Forum Discussion
Altera_Forum
Honored Contributor
13 years agoThe compiler uses gp relative addressing for data items in the .sdata.* (etc) sections (small data section). As well as the immediate reduction in code size, using gp relative addressing significantly reduces the register pressure on the compiler - making it much less likely that other variables will have to be spilled to the stack.
IIRC, by default the compiler puts anything 8 bytes or smaller into the 'small' section. For external data the actual data must be in the small data segment if any of the external references are (otherwise the linker gives a 'relocation won't fit' error). For some reason Altera changed things between gcc3 and gcc4 so that external items are never (in ggc4) assigned to the sdata segment. Another problem with multiple segments is that (last time I looked at least) the linker script puts the their initialisation data immediately following the .code, and adds code to copy them to the required place.
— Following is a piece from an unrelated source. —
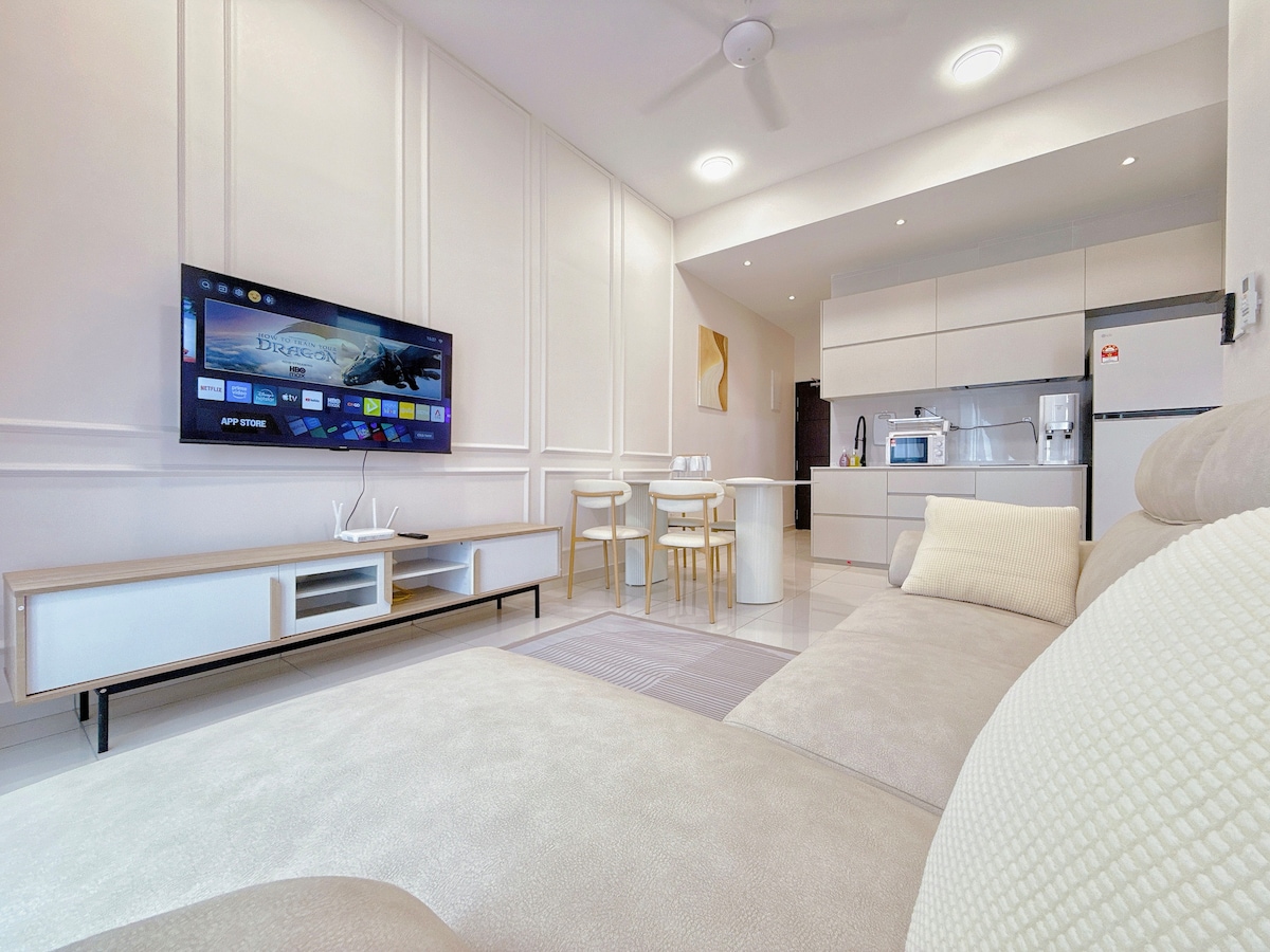 Private Luxury Suite | Walk to KSL Mall • Walking distance to KSL Mall • MUJI-inspired minimalist design • Private Jacuzzi for relaxation • Immersive cinema with surround sound • King-size bed with 12-inch premium mattress • Plush high-end sofa Designed for comfort, privacy, and quiet luxury. Ideal for couples, special occasions, or guests seeking a refined and uninterrupted stay in the heart of Johor Bahru.
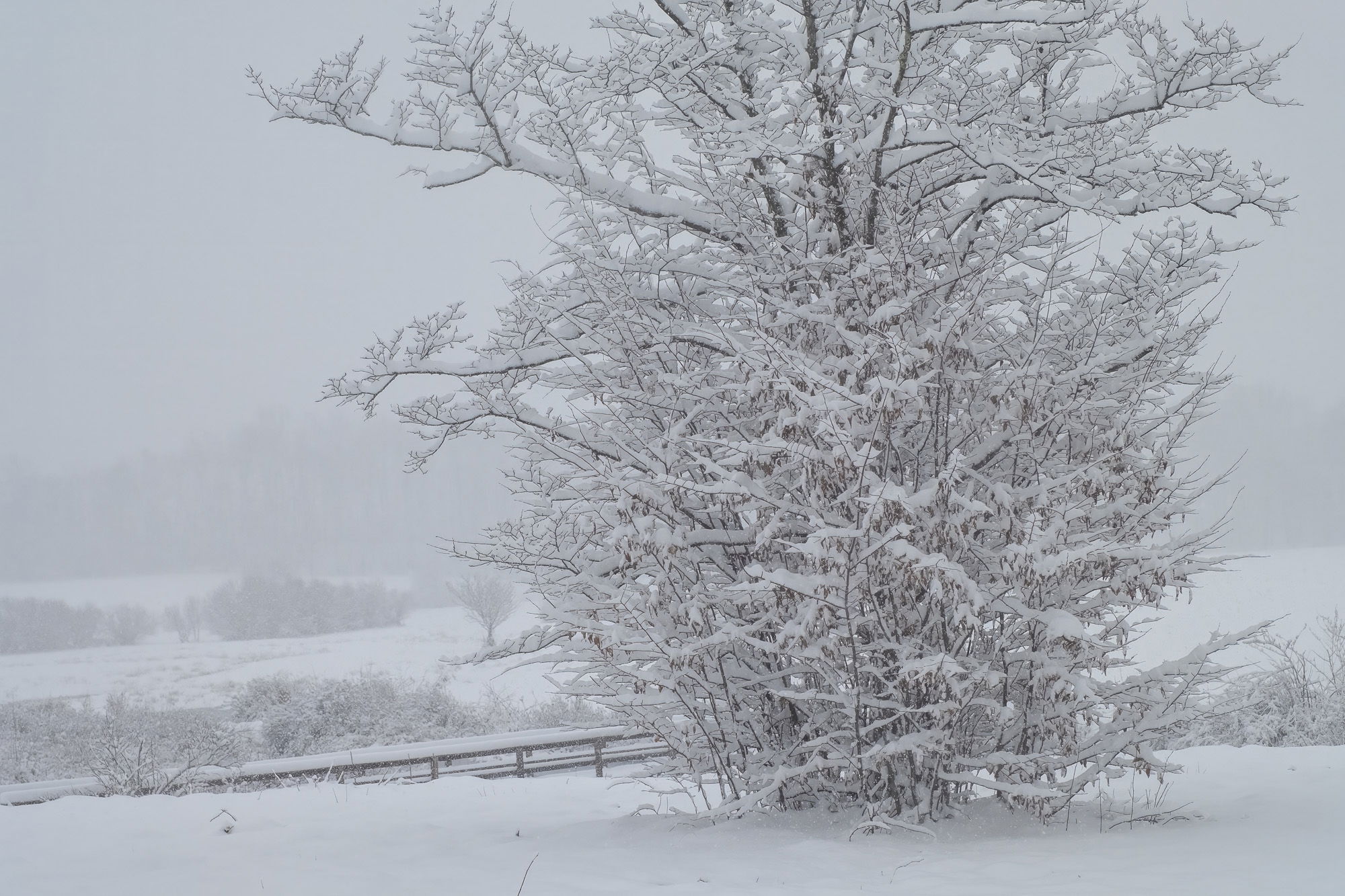 Harvey: Brrrrr! That point comes across emphatically. I do like this as is. My immediate impression was that the tree dominates the scene so much that the BG is almost irrelevant. I’m OK with that but I’m wondering if you have a wider angle as well. I noticed that you shot this at 47mm. A wider angle (of course I have no idea what else was outside the edges) would make the tree smaller in the scene but would also depict it as alone standing against the elements. That said, I still like this as is and think you processed it well. Top notch shot. >=))>

This is all hopeless when your code is a small tightly coupled memory block. There are also some issues with GP relative addressing, the altera build won't ever us it for 'symbol + constant' - eg if you put a 'struct' in the sdata segment. There are fixes for that on the wiki. It can also be worth assigning a 'global register variable' to base of a large struct that contains (up to 32k) of variables. The compiler will actually generate better code for this than the GP relative addressing used for 'small' data items. (The small data code uses the gcc feature designed for 'page 0' addresses - so gcc doesn't know there is a register involved, so array accesses (in particular) could be optimised further.) The other Altera gcc4 fubar is that they forced switch statement jump tables into the .code segment rather than using a .rodata segment. If you have tightly coupled code and data you need to link the .rodata with the .data, not the .code. If you boot method doesn't need it, you don't need read/write access to code memory (and it would be horribly slow as well).